Skillful application of loop peeling (listing 2) and loop unrolling (listing 3) can be used to
keep some of the address apart. 4-fold unrolling of the loop in the running example can be
used to improve the alignment information such that the four pairs 〈0, 16〉, 〈4, 16〉, 〈8, 16〉 and
〈12, 16〉 are computed for the four array accesses (assuming a properly aligned array). Loop
peeling is used to control which alignment information pair is computed for what unrolled
array access (see section 6 for more details).
The loop unrolling and loop peeling can be done either directly by using the corres-
ponding loop transformations or virtually by using a specially tailored context mapping
(e.g. VIVUM [15]).
Listing 2 Loop peeling.
sum += arr [0];
sum += arr [1];
sum += arr [2];
for (i = 3; i < 128; i++) {
sum += arr[i];
}
Listing 3 Loop unrolling.
for (i = 0; i < 128; i += 4) {
sum += arr[i];
sum += arr[i + 1];
sum += arr[i + 2];
sum += arr[i + 3];
}
4.3 Distance Relations
Often, a variable is not invariant inside a loop, but changes its value. Thus, static analyses can
only compute an abstraction of the possible values, for example an interval. This abstraction
might be very imprecise. One possibility to improve the results is to check how the value
evolves over time.
In the running example, the address of the memory access is increased by the size of
one element in each iteration. More formally, the equation ∀i ∈ {1, . . . , 127} : ai − ai−1 = x
holds, where x is the size of one array element.
Such linear relations can be expressed with difference bound matrices (or short DBMs).
DBMs have been introduced by Dill [3] to express clock zones for the model-checking of
timed-automata. Miné [13] used them to build an abstract domain which efficiently handles
a restricted form of linear relations, namely those of the form xi − xj ≤ c.
In a DBM, the row / column positions identifies which variables are used in the relation
and the value inside the DBM is the constraining factor (i.e. the c above). The first row /
column is used for the special variable x0 which is used to express the constant zero. Infinity
is used as value if the difference cannot be bounded.
If again 4-fold unrolling is applied to the loop in the example, one gets the four DBM
variables x1, . . . , x4. The analysis computes the DBM in Figure 3, assuming each array
element has a size of 4 bytes.
The DBM analysis is applied to the whole program. However, not every register is covered
in the DBMs but only those that are used to compute the addresses of memory accesses.
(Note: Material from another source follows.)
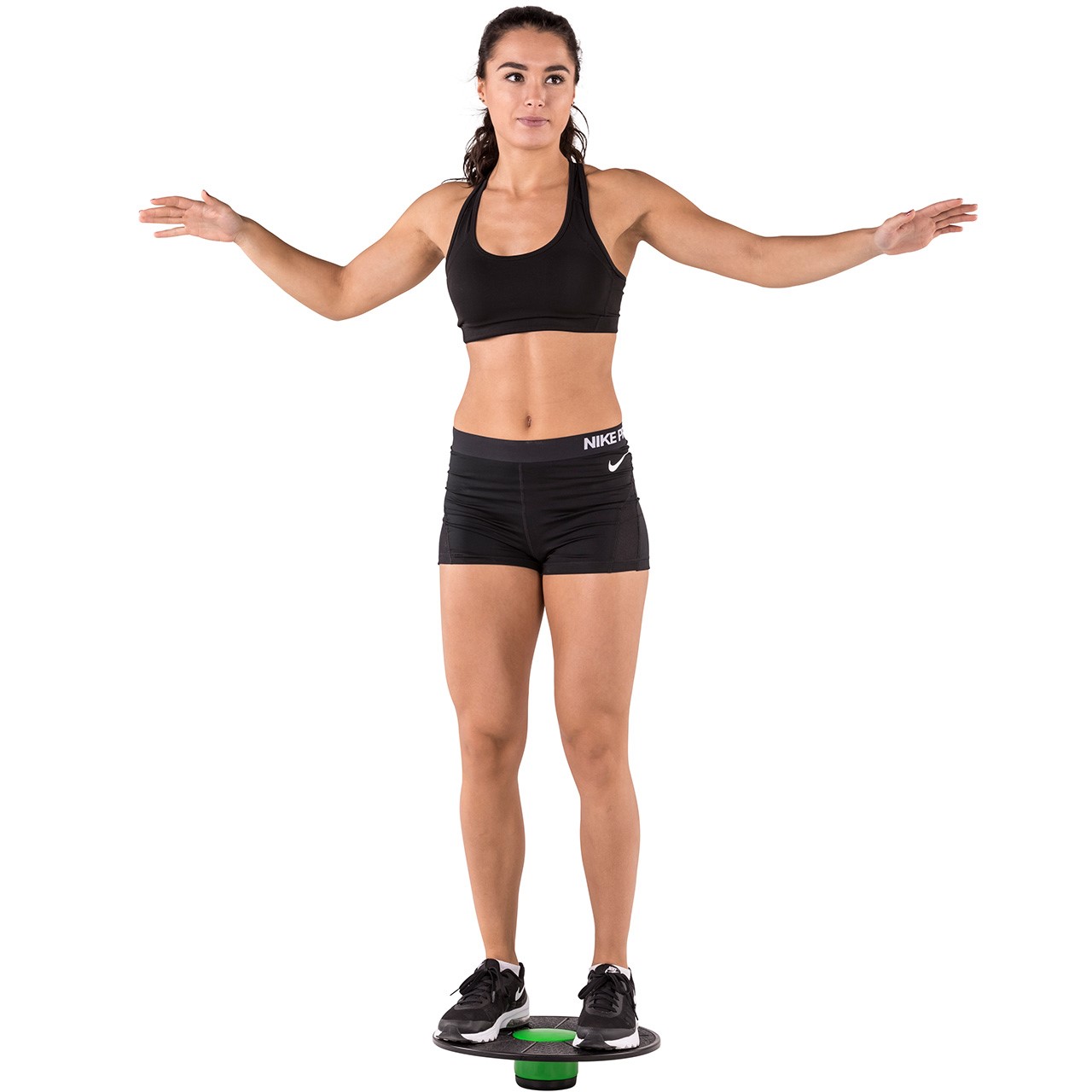 The Tunturi balance consists of a plate and a green foot on its bottom. In order to stand straight on this training board, your body has to seek balance continuously.

This set is identified for each loop independently.
S. Wegener 29

0 ∞ ∞ ∞ ∞
∞ 0 4 8 12
∞ −4 0 4 8
∞ −8 −4 0 4
∞ −12 −8 −4 0

Figure 3 DBM for the array accesses in the loop in listing 3. The address of each access is exactly
four bytes greater than the address of the previous access.
4.4 Hit Classification
We have now all information available to compute the same block relation sb∼, which in turn
is used to predict cache hits.
Three data structures are needed for the classification: the abstract cache set Sˆ, the map
Vˆ containing the relative positions of memory accesses inside a cache line and the map Rˆ
containing the distances between memory accesses.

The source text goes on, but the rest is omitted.